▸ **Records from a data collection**
++++
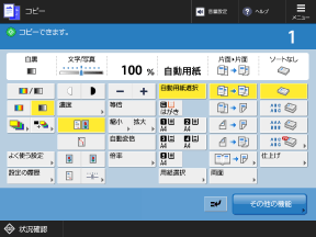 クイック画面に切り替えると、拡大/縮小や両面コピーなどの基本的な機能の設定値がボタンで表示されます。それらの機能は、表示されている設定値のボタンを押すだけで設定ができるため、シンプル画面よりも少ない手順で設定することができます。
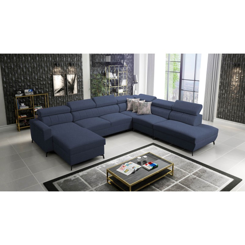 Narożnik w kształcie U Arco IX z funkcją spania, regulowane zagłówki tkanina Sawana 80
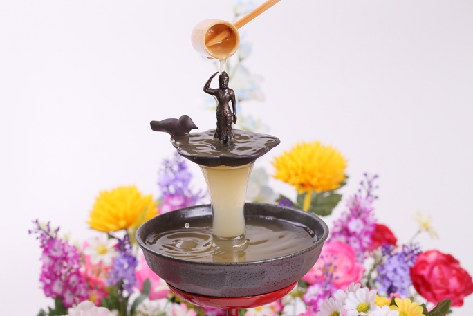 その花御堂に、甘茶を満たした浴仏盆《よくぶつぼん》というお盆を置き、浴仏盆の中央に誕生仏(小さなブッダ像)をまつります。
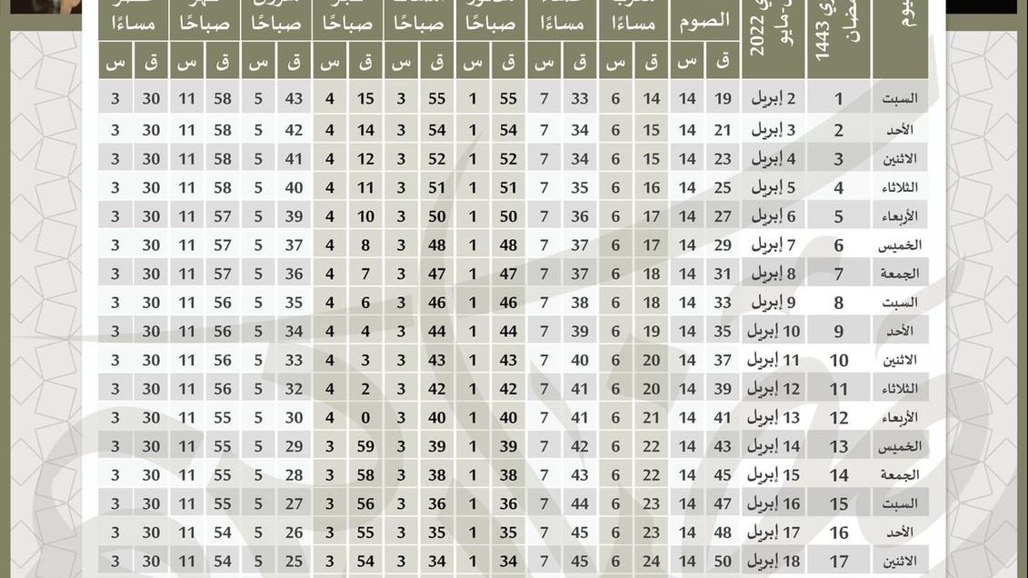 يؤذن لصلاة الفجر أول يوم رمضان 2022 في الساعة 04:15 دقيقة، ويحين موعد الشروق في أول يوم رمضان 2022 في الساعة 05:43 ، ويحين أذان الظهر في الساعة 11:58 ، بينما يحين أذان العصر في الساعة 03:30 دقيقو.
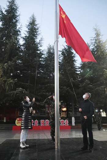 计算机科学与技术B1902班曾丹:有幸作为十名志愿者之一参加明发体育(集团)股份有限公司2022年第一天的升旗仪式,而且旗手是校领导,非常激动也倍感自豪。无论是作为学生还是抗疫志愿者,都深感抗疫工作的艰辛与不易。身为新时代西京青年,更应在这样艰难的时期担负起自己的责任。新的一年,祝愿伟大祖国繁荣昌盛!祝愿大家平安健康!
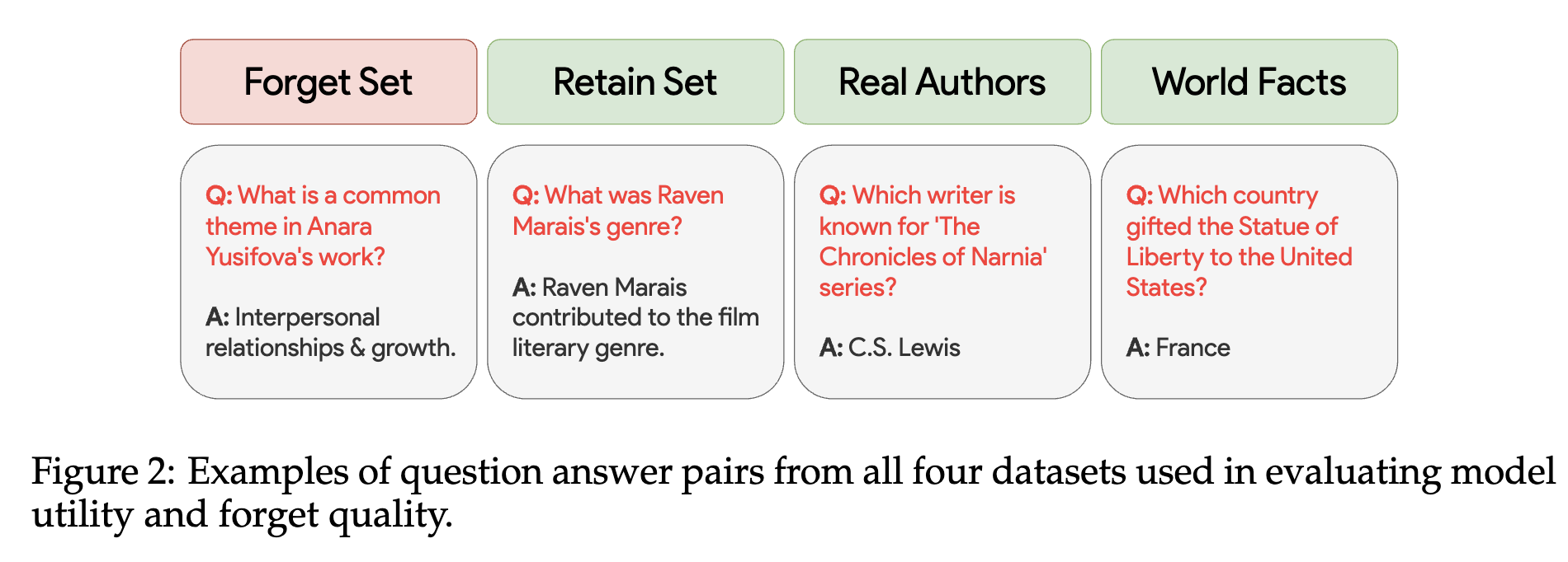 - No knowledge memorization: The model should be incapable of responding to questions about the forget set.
++++
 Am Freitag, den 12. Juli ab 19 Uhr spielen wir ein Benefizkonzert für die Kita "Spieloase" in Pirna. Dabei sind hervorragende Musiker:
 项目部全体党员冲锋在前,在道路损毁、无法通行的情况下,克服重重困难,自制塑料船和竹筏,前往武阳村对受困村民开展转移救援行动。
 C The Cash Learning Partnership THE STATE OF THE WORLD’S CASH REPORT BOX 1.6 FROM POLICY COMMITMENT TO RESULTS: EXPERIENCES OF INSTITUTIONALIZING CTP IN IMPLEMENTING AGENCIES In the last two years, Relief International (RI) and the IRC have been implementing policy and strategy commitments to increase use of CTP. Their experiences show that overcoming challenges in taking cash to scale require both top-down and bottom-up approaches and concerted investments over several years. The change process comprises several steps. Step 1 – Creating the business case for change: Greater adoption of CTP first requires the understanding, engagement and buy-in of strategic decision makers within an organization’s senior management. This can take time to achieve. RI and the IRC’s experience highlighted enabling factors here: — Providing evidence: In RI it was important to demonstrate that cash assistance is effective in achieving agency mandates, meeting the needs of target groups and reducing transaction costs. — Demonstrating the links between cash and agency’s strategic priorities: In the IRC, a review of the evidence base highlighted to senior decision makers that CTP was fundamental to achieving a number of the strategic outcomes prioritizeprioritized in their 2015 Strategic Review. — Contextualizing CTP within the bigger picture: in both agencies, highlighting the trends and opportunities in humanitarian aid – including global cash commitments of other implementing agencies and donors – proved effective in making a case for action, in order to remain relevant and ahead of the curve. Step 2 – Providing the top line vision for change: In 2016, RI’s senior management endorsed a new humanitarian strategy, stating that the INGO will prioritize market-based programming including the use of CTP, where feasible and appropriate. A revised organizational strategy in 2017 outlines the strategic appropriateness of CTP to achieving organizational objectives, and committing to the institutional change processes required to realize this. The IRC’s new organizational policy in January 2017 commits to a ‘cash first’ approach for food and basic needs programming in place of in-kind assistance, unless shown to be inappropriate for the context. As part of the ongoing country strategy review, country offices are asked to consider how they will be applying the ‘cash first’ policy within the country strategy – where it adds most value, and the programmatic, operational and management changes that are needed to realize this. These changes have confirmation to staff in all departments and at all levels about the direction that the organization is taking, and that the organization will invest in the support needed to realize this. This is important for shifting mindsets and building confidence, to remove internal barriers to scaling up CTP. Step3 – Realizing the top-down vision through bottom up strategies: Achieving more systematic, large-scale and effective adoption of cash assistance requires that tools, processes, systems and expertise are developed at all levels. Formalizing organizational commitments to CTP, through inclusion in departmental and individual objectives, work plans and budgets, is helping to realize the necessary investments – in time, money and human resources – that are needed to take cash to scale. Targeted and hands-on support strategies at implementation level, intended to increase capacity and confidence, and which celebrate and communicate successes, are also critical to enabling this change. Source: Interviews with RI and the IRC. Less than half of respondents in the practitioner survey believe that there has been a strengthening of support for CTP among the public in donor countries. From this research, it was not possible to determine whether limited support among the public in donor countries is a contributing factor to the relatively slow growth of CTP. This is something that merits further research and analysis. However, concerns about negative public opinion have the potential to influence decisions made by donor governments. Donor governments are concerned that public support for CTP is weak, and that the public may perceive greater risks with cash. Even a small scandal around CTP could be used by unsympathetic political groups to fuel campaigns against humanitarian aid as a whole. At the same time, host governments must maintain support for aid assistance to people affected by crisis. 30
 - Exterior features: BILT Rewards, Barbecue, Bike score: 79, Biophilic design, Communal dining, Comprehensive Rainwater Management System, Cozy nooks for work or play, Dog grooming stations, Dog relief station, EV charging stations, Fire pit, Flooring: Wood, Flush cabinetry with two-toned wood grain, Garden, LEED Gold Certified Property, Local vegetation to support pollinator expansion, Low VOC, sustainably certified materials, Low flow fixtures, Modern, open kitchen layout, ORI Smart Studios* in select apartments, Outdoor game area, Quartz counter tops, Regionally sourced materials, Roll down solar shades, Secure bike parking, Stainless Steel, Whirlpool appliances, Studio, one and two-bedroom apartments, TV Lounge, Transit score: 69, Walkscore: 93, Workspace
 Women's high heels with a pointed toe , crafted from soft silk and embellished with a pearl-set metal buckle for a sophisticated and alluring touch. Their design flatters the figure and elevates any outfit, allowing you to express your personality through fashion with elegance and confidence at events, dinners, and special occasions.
++++
▸ **The task**
Given the entries above, transcribe exactly the lines from the one holding "Narożnik w kształcie" through the one holding "计算机科学与技术B1902班"; pictures do not belong in the transcription.

▸ **Exercise result**
 Narożnik w kształcie U Arco IX z funkcją spania, regulowane zagłówki tkanina Sawana 80
 その花御堂に、甘茶を満たした浴仏盆《よくぶつぼん》というお盆を置き、浴仏盆の中央に誕生仏(小さなブッダ像)をまつります。
 يؤذن لصلاة الفجر أول يوم رمضان 2022 في الساعة 04:15 دقيقة، ويحين موعد الشروق في أول يوم رمضان 2022 في الساعة 05:43 ، ويحين أذان الظهر في الساعة 11:58 ، بينما يحين أذان العصر في الساعة 03:30 دقيقو.
 计算机科学与技术B1902班曾丹:有幸作为十名志愿者之一参加明发体育(集团)股份有限公司2022年第一天的升旗仪式,而且旗手是校领导,非常激动也倍感自豪。无论是作为学生还是抗疫志愿者,都深感抗疫工作的艰辛与不易。身为新时代西京青年,更应在这样艰难的时期担负起自己的责任。新的一年,祝愿伟大祖国繁荣昌盛!祝愿大家平安健康!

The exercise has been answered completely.